■ **EXERCISE DIRECTIONS**
If a line of the records contains the word "glasses", list it.

■ **DATA TO PROCESS**
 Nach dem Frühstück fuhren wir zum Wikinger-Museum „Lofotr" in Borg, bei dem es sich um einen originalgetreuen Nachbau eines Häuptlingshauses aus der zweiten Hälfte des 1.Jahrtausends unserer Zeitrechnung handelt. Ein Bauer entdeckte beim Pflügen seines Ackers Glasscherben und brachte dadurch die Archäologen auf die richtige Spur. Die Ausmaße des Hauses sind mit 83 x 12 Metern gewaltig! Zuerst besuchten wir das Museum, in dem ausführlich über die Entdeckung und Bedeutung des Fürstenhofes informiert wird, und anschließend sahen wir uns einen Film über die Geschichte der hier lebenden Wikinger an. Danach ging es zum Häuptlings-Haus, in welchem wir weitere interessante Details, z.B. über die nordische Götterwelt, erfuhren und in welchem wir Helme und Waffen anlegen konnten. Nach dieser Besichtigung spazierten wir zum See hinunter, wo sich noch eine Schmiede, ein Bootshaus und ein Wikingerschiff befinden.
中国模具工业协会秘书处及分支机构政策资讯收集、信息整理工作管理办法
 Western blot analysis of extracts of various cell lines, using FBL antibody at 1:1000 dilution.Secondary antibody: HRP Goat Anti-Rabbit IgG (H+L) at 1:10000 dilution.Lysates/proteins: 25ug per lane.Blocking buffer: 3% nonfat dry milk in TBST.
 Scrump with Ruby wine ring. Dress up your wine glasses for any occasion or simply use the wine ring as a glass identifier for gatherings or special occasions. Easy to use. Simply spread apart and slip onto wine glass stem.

==

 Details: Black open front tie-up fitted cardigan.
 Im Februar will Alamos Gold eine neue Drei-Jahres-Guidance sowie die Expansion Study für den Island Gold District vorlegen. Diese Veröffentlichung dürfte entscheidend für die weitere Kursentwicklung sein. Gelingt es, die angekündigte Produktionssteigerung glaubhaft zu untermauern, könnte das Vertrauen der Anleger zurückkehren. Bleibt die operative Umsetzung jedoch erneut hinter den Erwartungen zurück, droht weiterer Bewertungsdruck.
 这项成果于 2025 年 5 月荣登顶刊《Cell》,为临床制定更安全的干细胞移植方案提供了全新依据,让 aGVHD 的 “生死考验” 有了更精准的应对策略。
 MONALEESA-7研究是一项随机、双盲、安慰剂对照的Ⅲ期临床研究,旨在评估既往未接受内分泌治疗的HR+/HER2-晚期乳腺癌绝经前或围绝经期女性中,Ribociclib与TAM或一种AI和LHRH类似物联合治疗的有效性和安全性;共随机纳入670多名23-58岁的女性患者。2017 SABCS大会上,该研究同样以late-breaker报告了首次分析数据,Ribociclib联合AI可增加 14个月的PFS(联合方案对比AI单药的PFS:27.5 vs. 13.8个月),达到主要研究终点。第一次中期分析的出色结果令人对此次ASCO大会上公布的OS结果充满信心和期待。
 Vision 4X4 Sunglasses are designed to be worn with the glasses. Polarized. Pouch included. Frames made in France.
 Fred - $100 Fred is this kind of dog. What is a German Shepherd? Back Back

==

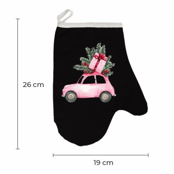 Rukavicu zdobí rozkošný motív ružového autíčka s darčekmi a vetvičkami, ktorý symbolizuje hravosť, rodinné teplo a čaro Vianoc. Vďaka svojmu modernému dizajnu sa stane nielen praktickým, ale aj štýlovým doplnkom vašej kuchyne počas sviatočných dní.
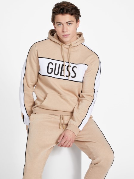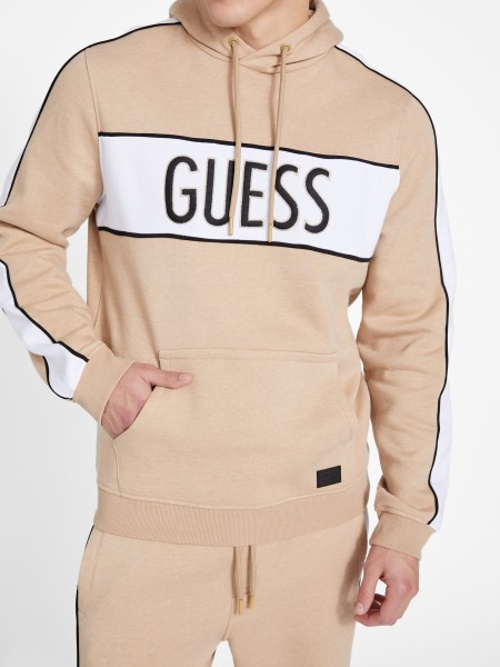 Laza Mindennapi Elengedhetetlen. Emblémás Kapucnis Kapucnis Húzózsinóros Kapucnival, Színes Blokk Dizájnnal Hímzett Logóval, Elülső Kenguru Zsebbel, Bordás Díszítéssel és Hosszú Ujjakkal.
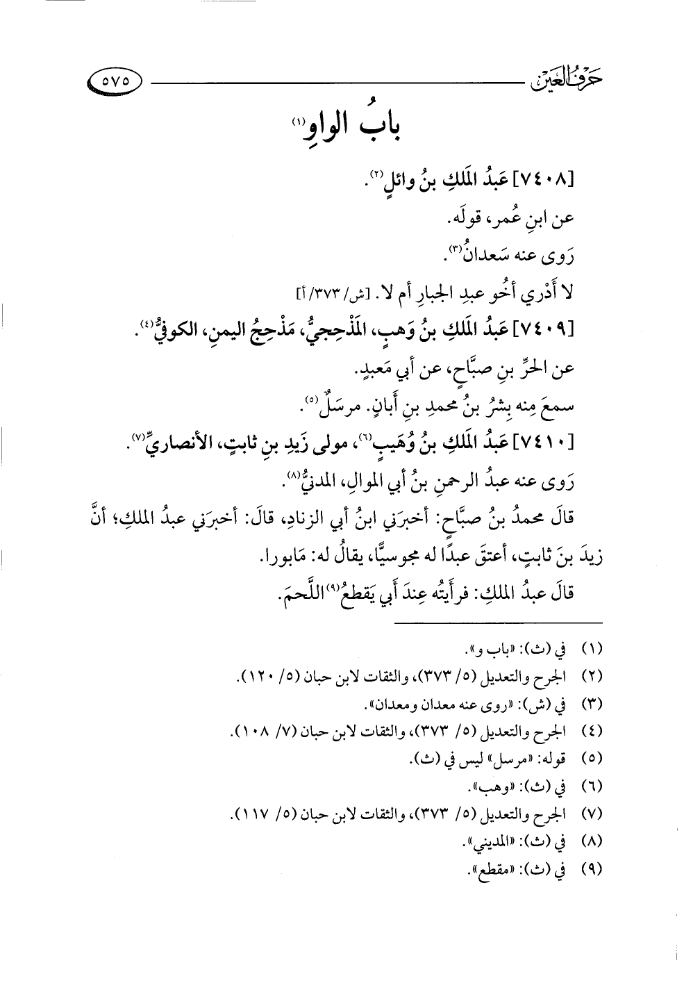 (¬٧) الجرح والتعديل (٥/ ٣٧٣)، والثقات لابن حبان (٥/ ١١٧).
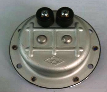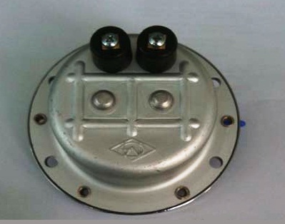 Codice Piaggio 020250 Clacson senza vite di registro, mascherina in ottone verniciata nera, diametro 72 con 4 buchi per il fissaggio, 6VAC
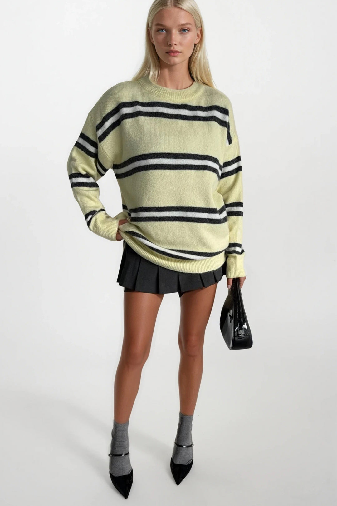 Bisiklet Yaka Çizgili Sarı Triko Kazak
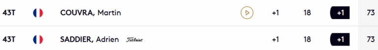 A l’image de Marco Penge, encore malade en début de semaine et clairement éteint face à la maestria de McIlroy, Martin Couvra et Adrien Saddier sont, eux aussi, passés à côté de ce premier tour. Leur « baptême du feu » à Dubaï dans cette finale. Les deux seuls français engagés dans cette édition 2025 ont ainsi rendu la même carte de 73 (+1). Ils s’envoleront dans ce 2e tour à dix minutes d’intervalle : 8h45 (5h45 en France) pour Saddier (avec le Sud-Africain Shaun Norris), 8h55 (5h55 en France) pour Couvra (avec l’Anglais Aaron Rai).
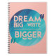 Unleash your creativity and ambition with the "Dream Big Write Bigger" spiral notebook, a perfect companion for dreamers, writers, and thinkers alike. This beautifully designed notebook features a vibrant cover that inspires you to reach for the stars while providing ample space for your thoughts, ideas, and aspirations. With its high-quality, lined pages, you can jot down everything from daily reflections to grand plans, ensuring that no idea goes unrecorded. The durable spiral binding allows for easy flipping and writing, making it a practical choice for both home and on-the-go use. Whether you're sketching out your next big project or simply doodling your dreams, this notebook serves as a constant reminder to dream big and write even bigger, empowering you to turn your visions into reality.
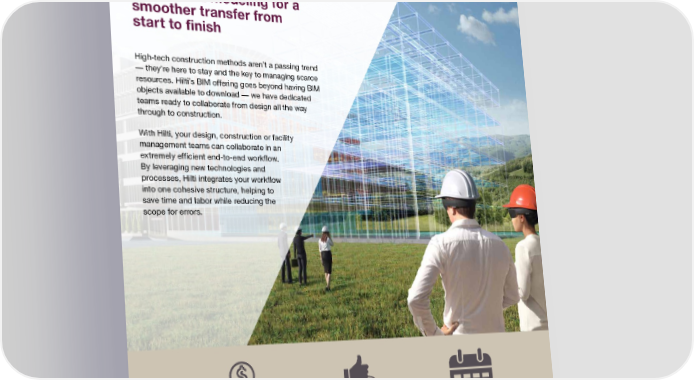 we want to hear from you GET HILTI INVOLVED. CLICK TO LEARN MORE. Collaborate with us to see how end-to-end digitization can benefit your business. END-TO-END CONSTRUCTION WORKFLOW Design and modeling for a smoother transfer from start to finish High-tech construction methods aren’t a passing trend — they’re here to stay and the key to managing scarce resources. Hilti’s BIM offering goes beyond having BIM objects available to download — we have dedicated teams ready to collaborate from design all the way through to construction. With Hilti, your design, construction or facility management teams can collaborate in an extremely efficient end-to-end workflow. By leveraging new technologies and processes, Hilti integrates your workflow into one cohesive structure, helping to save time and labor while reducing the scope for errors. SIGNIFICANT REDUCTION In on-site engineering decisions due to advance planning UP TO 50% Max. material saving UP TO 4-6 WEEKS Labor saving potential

■ **RESULT OF THE EXERCISE**
 Scrump with Ruby wine ring. Dress up your wine glasses for any occasion or simply use the wine ring as a glass identifier for gatherings or special occasions. Easy to use. Simply spread apart and slip onto wine glass stem.
 Vision 4X4 Sunglasses are designed to be worn with the glasses. Polarized. Pouch included. Frames made in France.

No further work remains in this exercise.